Aptly named, watching Kyle Abraham’s Love Letter (on shuffle) feels like listening to a playlist. The sections shared thematic qualities but felt disconnected especially so with every blackout at the close of a song, the visual interpretation of hitting next.
Abraham paired up with designer Giles Deacon and music by James Blake, both previous collaborators. Deacon’s costumes featured abstract Renaissance prints as well as nods to the time period’s wardrobe with ruffles, bows, and extra-large romantic tutus. With falsetto notes and bubbly electronics, Blake is inspiring accompaniment.
Jonathan Fahoury absorbs Abraham’s technique, expertly switching from balletic gargouillades to rippling undulations and electric locking. But the highlight of the work are the three central pas de deux.

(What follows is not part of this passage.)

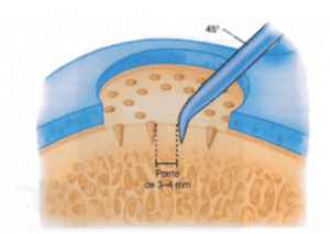 Em casos de microlesão, primeiro faz uma raspagem no local que está com o defeito deixando um espaço de 3 a 5mm entre os furos. Nessa técnica a perfuração é de 3mm.

Quinn Starner and Cainan Weber are the sweet, young, enamored couple – Starner often running to the side to giggle with girlfriends. The work here is quick, twisty, and bright with the two playing off each other, an on-stage frolic.
Emily Kikta and Peter Walker, both expansive and long-legged, show a more mature relationship. Blake poetically lulls:
“I reserve a table for old time
Back then, it wouldn’t have even crossed my mind
But I promise you, your place is safe”.
The third coupling featured Fahoury and Harrison Ball. Their repeated theme step is a synchronized adagio, hands on each other’s shoulders and standing side by side, they slowly developpé their legs in the air. This duo feels a bit more troubled, a bit more challenged by a mysterious pressure. Their foreheads press against each other in beautiful simplicity and a last embrace is what closes the number.
Three new works, three peaceful endings. It’s rare to see a mixed bill of new works that end with similar closing tones. Almost like we’ve been yearning for some stillness.